Under the heading “Proponent”, the document states that TNG Fiji is to be structured as “a Special Purpose Vehicle Joint Venture: 50% Fijian Government-Associated Companies and 50% Private Enterprise (to be formed)”. The clarity of that formulation is striking. It is not tentative. It is not speculative. It sets out, in plain terms, the intended ownership architecture of the project.

That single line raises a series of questions that now demand careful examination. It confirms that from as early as August 2025, Malouf and Cromb were not merely advancing a privately financed development. They were proposing, and evidently expecting, the participation of Rabuka government-linked capital at a level equal to their own. This was not to be a marginal involvement. It was to be a partnership of parity.


The implications of that structure are considerable. A special purpose vehicle of this kind is typically designed to isolate risk and to attract project-specific financing. Where such a vehicle is proposed on a 50–50 basis between private proponents and government-associated entities, the latter are not passive observers. They become co-investors, co-decision makers, and in many cases the ultimate bearers of reputational and financial exposure.

Yet the document is equally clear that this vehicle was “to be formed”. In other words, at the time the ESIA process was being initiated, the corporate entity did not yet exist, and no public evidence is provided that any government-associated company had formally agreed to participate. The project, therefore, was proceeding into regulatory territory without a disclosed or completed investment structure.

This is not a trivial point. It goes directly to the sequence in which major developments of this nature are ordinarily expected to unfold. One would typically expect that a project of this scale, involving a proposed 900,000 tonne per year waste-to-energy incinerator and an associated deepwater port, would be supported by firm commitments from investors, detailed feasibility studies, and a clear legal foundation in land tenure and planning compliance before the environmental assessment process is advanced. Here, however, the sequence appears inverted.
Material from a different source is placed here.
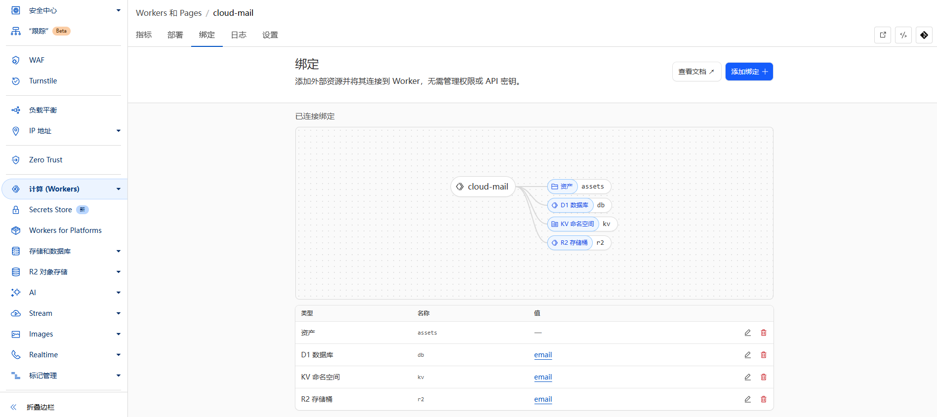 回到worker设置界面绑定刚刚创建的数据库 d1数据库 变量名为 db kv数据库 变量名为 kv

The August document suggests that Malouf and Cromb were seeking to advance the ESIA process while simultaneously positioning the project as one that would ultimately be underpinned by government-linked participation. This raises the possibility that regulatory progress itself was being used to enhance the project’s attractiveness to prospective public-sector partners, or to signal that such participation was anticipated.

Seen in this light, a number of developments that have since attracted public concern begin to take on a different character. The facilitation of an environmental assessment on land held under a tourism lease, before any confirmed conversion to industrial use, becomes more difficult to view as a mere procedural anomaly. The reported position of the Department of Lands, indicating a willingness to cancel the lease after years of alleged breaches, sits uneasily alongside the continued advancement of the project. The apparent acceleration of processes that would ordinarily involve the Lautoka City Council and the Department of Town and Country Planning raises further questions about how and why the project has moved as it has.


Public statements also acquire a sharper edge when placed against the backdrop of this document. When Ian Malouf told The Australian on April Fools Day (1 April) that the project enjoyed the backing of the Prime Minister Sitiveni Rabuka and Cabinet, the remark was not made in a vacuum. It sits alongside a documented proposal in which government-associated entities were expected to take a 50 per cent stake. The two, taken together, suggest a level of confidence about official support that goes beyond casual optimism.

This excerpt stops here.